Several of the plan’s specifics are particularly notable. They are planning on evoking the Defense Production Act to increase PPE supplies, create a “Pandemic Testing Board” to produce and distribute millions of tests, and mobilize 100,000 people to perform community-focused contact tracing. Biden’s team are also indicating that they will allow the CDC and FDA to perform science-based actions without political interference. Specifically, they are requesting that the CDC issue numerous evidence-based guidances on how communities can navigate the pandemic, and they will take steps to ensure that the vaccine development at the FDA is non-political and led by scientists.

Additionally, Biden’s team is signaling that it will center racial equity in its pandemic response. One of their goals is to “establish a COVID-19 Racial and Ethnic Disparities Task Force, as proposed by Vice President-elect Harris, to provide recommendations and oversight on disparities in the public health and economic response. At the end of this health crisis, it will transition to a permanent Infectious Disease Racial Disparities Task Force.”

Hope during the pandemic’s worst stage

The US is in dire need of a strong, science-based response to the COVID-19 pandemic.

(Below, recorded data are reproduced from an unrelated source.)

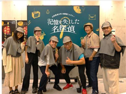
特製の衣装を着て記念写真を撮る参加者たち
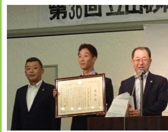
新栄建設株式会社
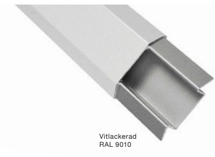
Vitlackerad RAL 9010
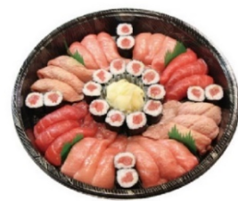
まぐろづくし 3人前 13,500円
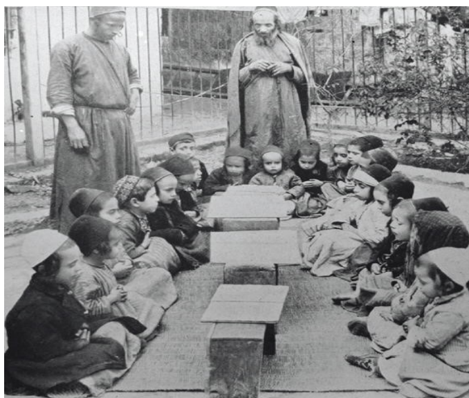
Enfants étudiant la Torah à Jérusalem. La photo date de 1925

28.000 photographies retraçant l'histoire d'Israël avant la création officielle de l'Etat en 1948 sont désormais disponibles au public sur la plateforme Wikimedia Commons (dont fait également partie Wikipedia). Les photographies viennent à la fois d'archives privées et d'archives publiques et elles montrent le retour des Juifs au fil des années sur la terre de leurs ancêtres.
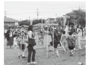
竹馬、おもしろそう、できるかな？
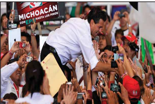
México: la Resurrección del PRI
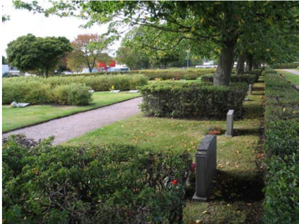
Kvarter 43-49 från söder. (KI Mönsterås kyrkog 91)
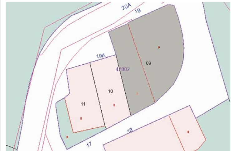
Plano de Catastro (Junio2010). E: 1/500
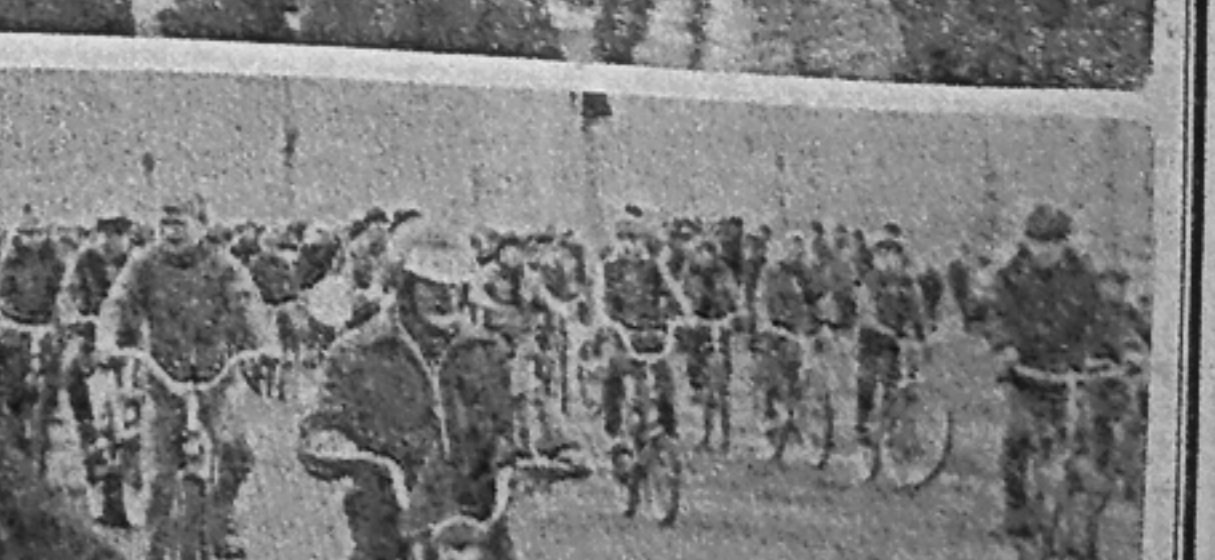
Фоторепортаж с первомайской демонстрации в Саяногорске Б. Анатольева и В. Городецкого.
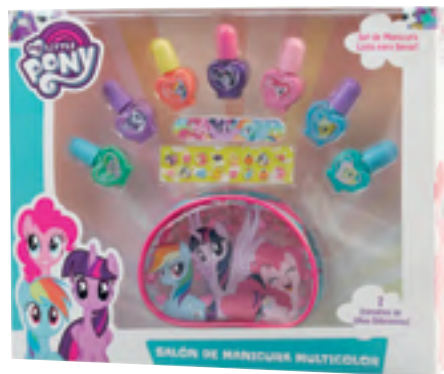
My Little Pony Manikura-seta.
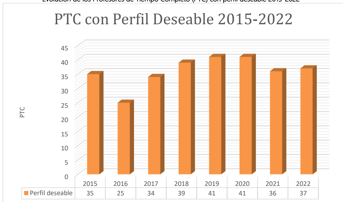
Evolución de los Profesores de Tiempo Completo (PTC) con perfil deseable 2015-2022

Fuente: Departamento de Gestión Académica, UNISTMO 2022, con corte al 31 de diciembre de 2022.
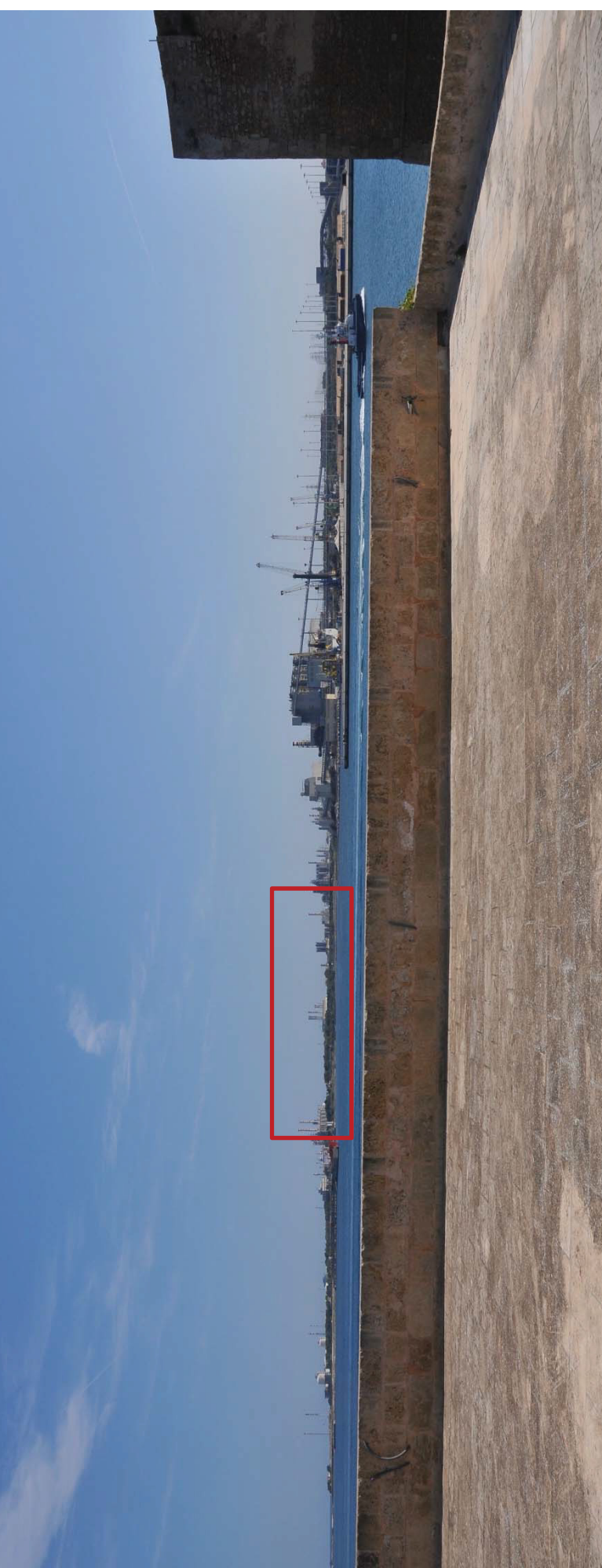
Figura 1. Vista dal camminamento sul bastione - ante operam
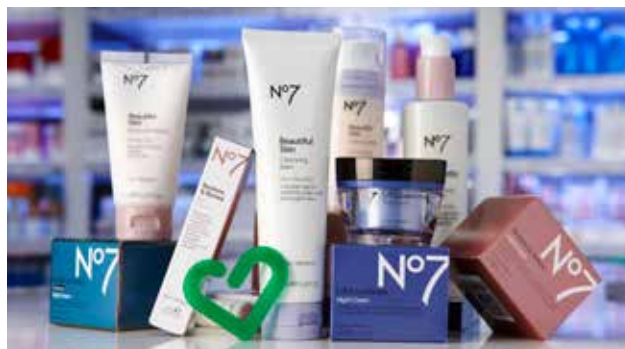
Boots storsäljare till Apotek Hjärtat.

Ett nytt eget premiumvarumärke introduceras under 2013. Det är en serie apoteksprodukter för kunders välbefinnande med hög kvalitet och konkurrenskraftigt pris. Ett exklusivt samarbete har inletts med Boots, världens största apoteksgrupp. Boots kända varumärken No7 och Botanics kommer att säljas på Apotek Hjärtat från och med april 2013.
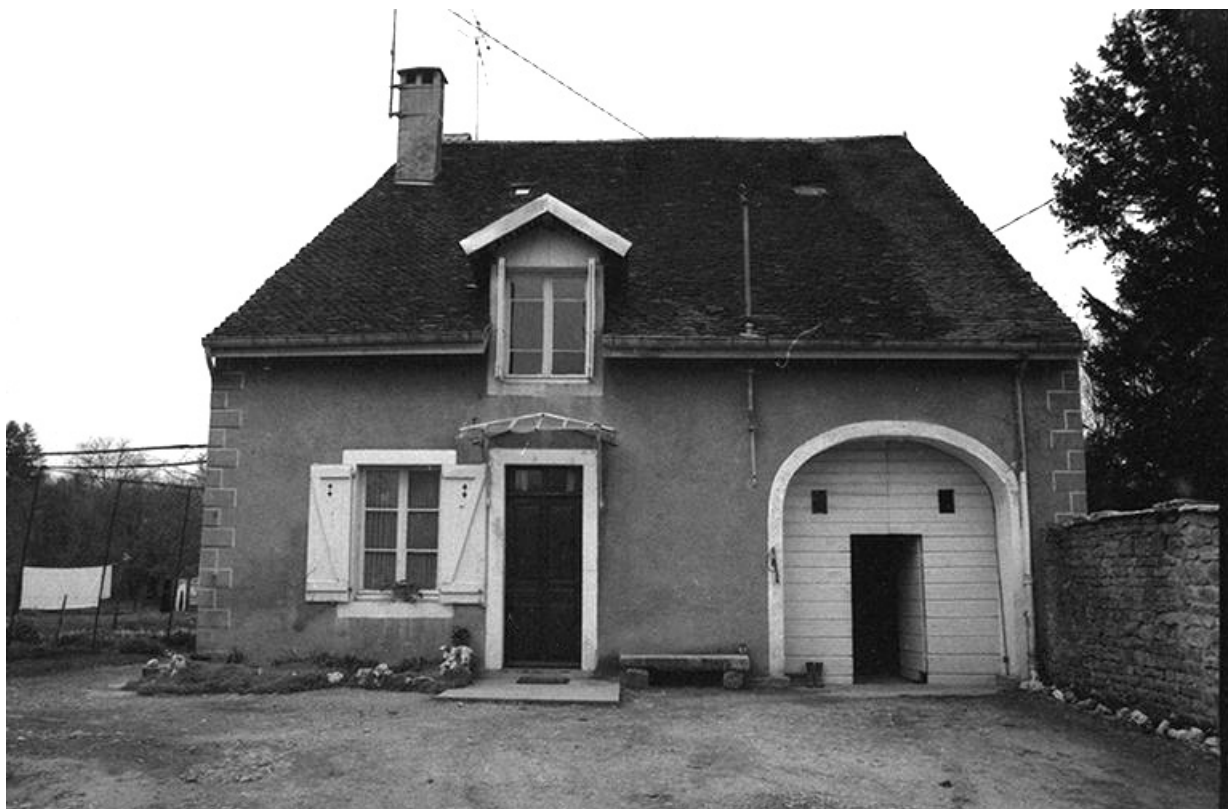
Maison cadastrée 1961 AH 56, située rue du Presbytère : façade antérieure. 39, Voiteur
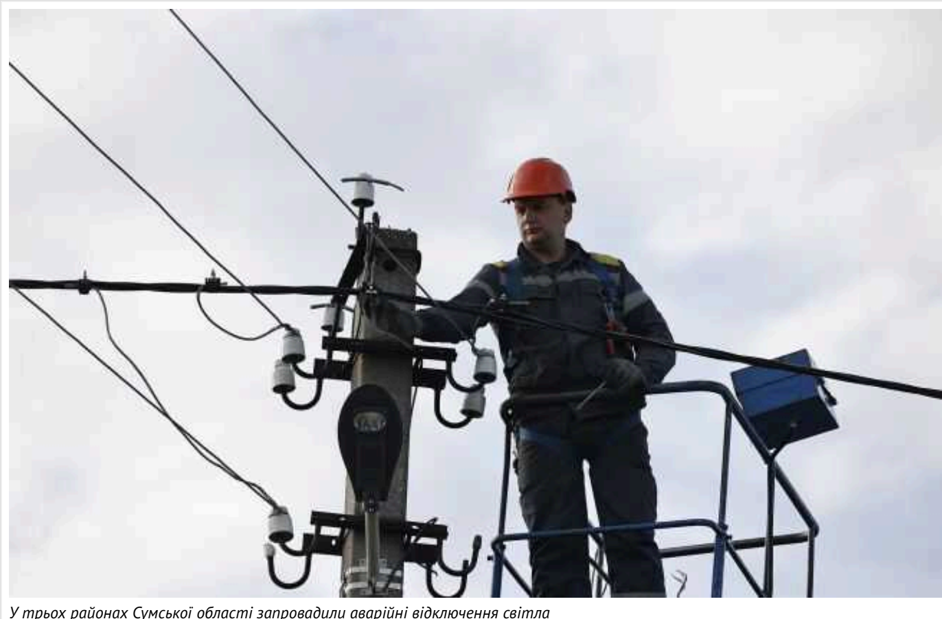
У трьох районах Сумської області запровадили аварійні відключення світла

У Сумській області в п'ятницю, 27 вересня, були запроваджені аварійні відключення електрики. Вони не охоплюють весь регіон.
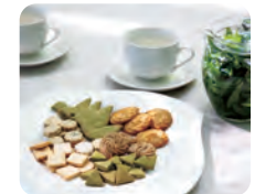
手作り野草クッキー
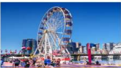
ตารี่สิงฮาร์เบอร์
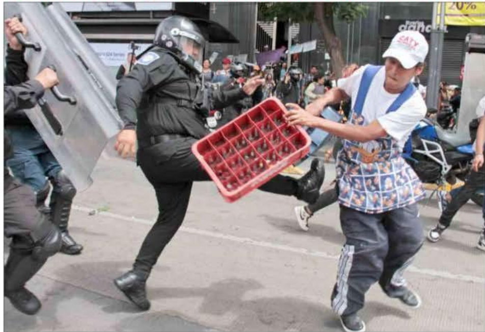
▲ Seis trabajadores del gobierno capitalino y dos policías auxiliares resultaron lesionados en el zafarrancho entre ambulantes y elementos de la Secretaría de Seguridad Ciudadana local, cuando los uniformados intentaron replegar a los vendedores, que por segundo día consecutivo bloquearon Eje Central y avenida Juárez en demanda de espacios para expender su mercancía. Foto Germán Canseco E. BRAVO / P 25
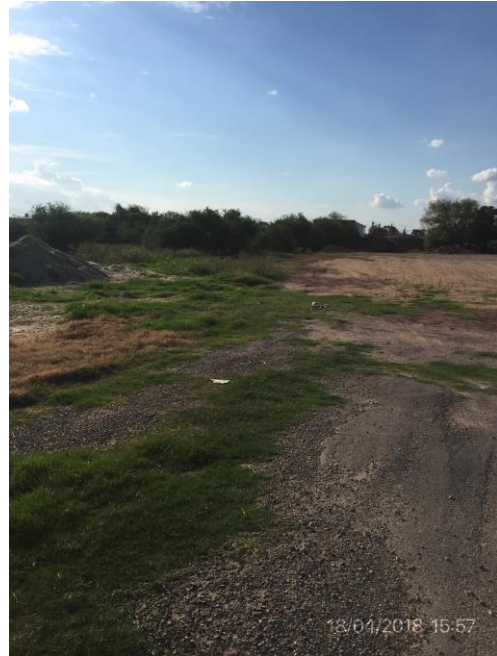
Ilustración 5 – Obrador desmontado.
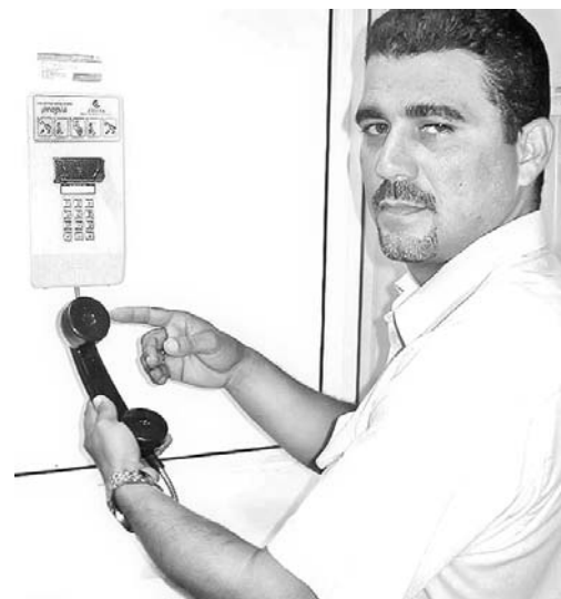
En caso de que alguien intente forzar o dañar el manófono, los interruptores colocados en su interior activarán la alarma, explica Lamas.

Con la instauración de las primeras alarmas, los hechos vandálicos se contuvieron, y ello los estimuló a presentarlas en el fórum de ETECSA, donde la propuesta tuvo una buena acogida, e incluso se está
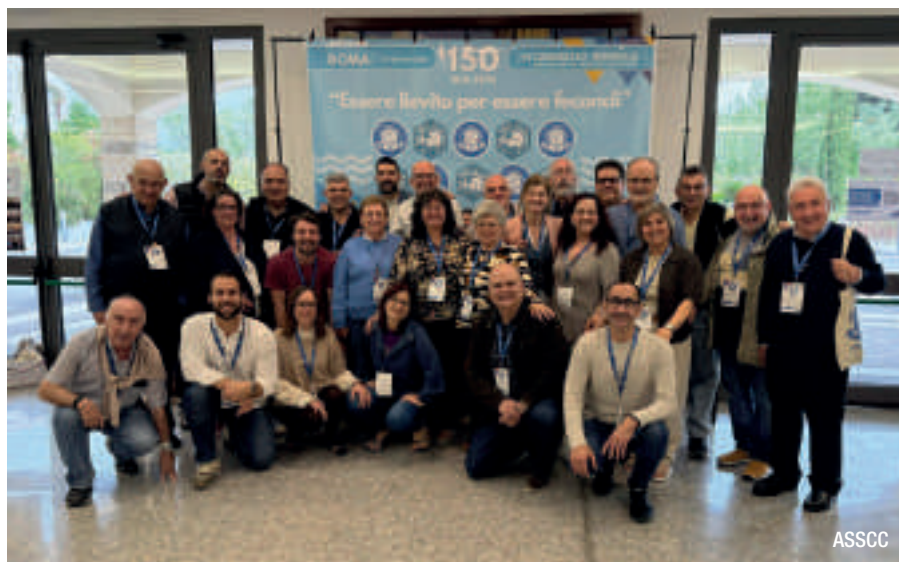
▬ Casi 30 personas participaron de la Región Ibérica de la Asociación.

Y así llegamos al tercer año, el del Relanzar , que nos ha conducido directamente al VI Congreso Mundial. Relanzar no significa empezar de cero, sino mirar hacia adelante con lucidez y valentía. El mundo cambia, la Iglesia se transforma, y la Asociación está llamada a leer los signos de los tiempos con
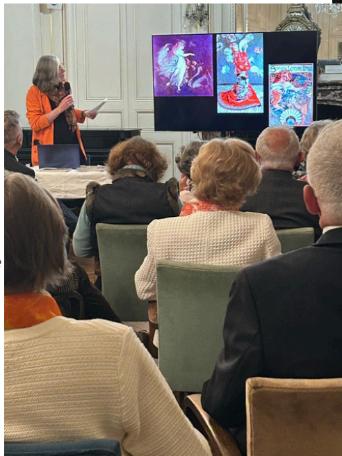
Lautrec, Divan Japonais
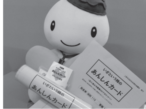
「あんしんカード」 いざというときの「安心」のために。
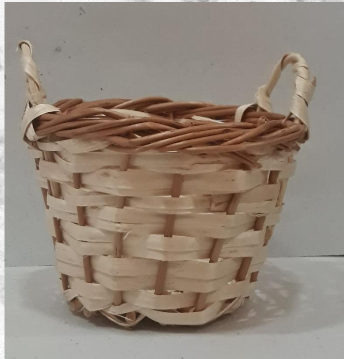
2) precio: 2,50 € 35 gr
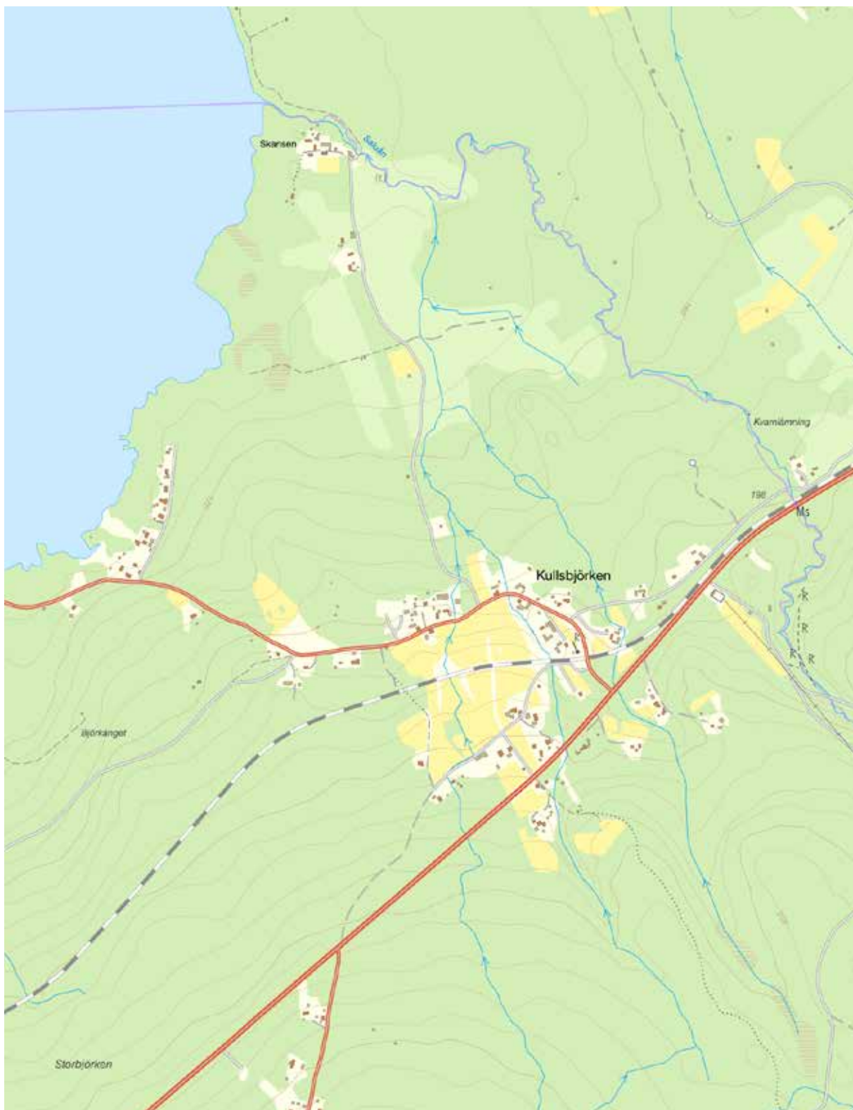
Kullsbjörken är beläget i den norra delen av nuvarande Leksands kommun, nära Saluån som utgör gränsen mot Rättviks kommun och socken. På Salunäset norr om byn fanns förut ett vidsträckt betes- och odlingslandskap med mängder av ängslador varav många återstår på Rättvikssidan om ån.
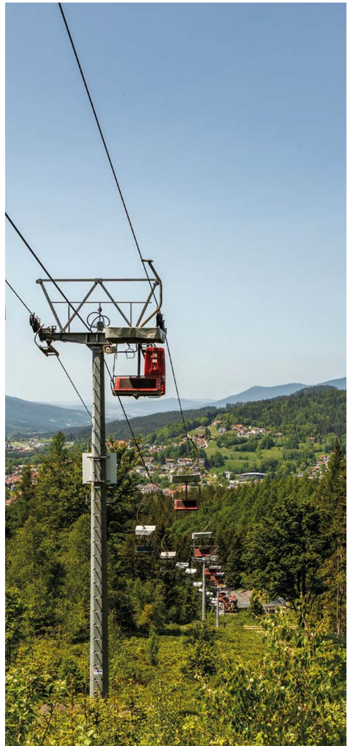
Silberberg bei Bodenmais: Besucherbergwerk – Bergbahn – Sommerrodelbahn
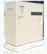
バイオガス 発電設備
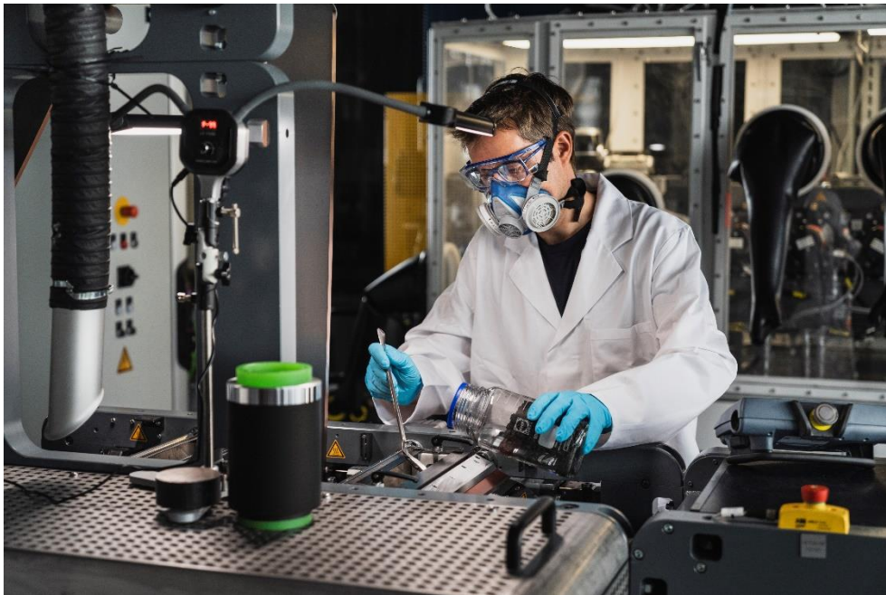
Das trockene Ausgangsmaterialgemisch wird in den Kalenderspalt der DRYtraec®-Anlage gegeben.

Weitere Informationen zu DRYtraec® finden Sie in diesem Video .
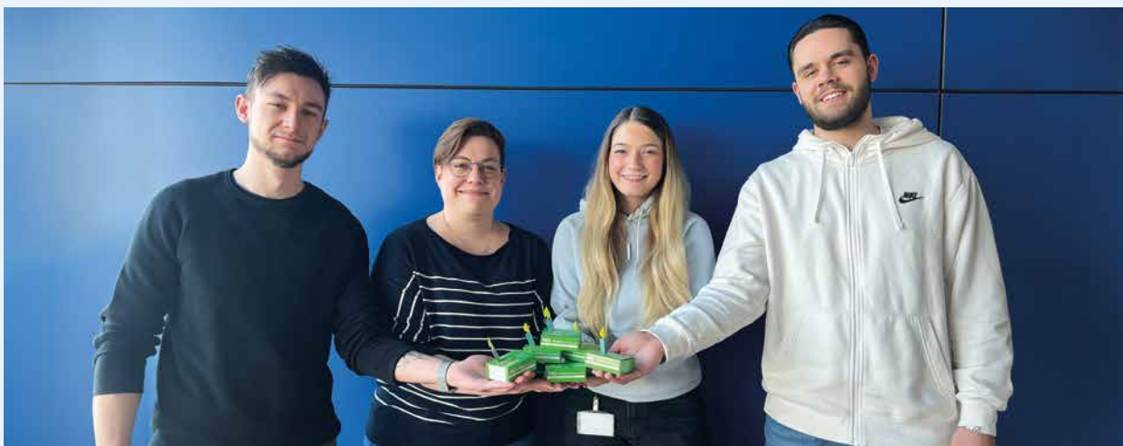
Streck-Mitarbeiterinnen und -Mitarbeiter aus den Nationalen Landverkehren in Freiburg gratulieren herzlich zum ersten Geburtstag von NG.network
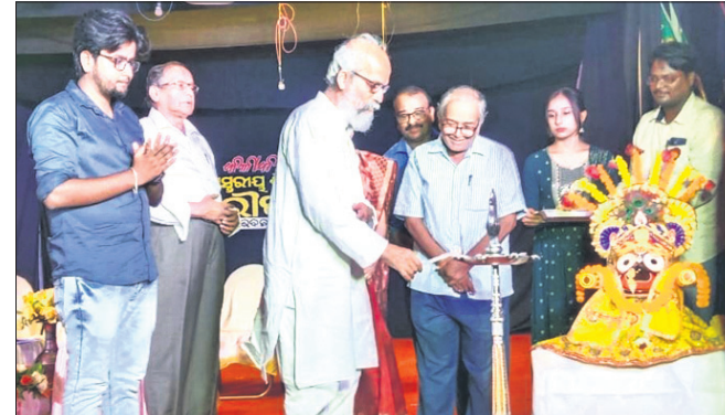
ବାଲେଶ୍ୱର, ୧୯୧୦(ବାସ୍ତବ ଚିତ୍ର)

ନାଟକ ଜୀବନର କଥା କହେ । ସମାଜର ବାସ୍ତବ ଚିତ୍ର ବହନ କରେ । ପୁଣ୍ୟସ୍ଥଳୀରେ ଉପାସନା ସାଧନା ହେଉଛି ।

Currently, the US is facing one of the darkest chapters of the pandemic. Daily case numbers are repeatedly spiking to the highest numbers ever observed, daily death totals are the highest levels seen since May, and COVID-19 hospitalizations are so high that many hospitals, especially in the Midwest and the West, are reaching their capacity to deliver care.

We are in desperate need of an administration willing and able to use science-based tools to slow the spread of this deadly pandemic. We at the Union of Concerned Scientists have recorded during the Trump administration numerous attacks on science during the pandemic, including recent actions like blocking the CDC from issuing a mask mandate for public transportation, delaying FDA’s strong science-based guidance on vaccine development, and substantially weakening a CDC no-sail order for cruise ships. The upcoming Biden administration promises to not only reverse these anti-science actions but to substantially increase the government’s role in combating the pandemic using robust scientific and equity measures. We will hold the Biden administration to these promises and we hold out hope that his team will “listen to the science” during this devastating crisis and protect the health and safety of millions of people across the US.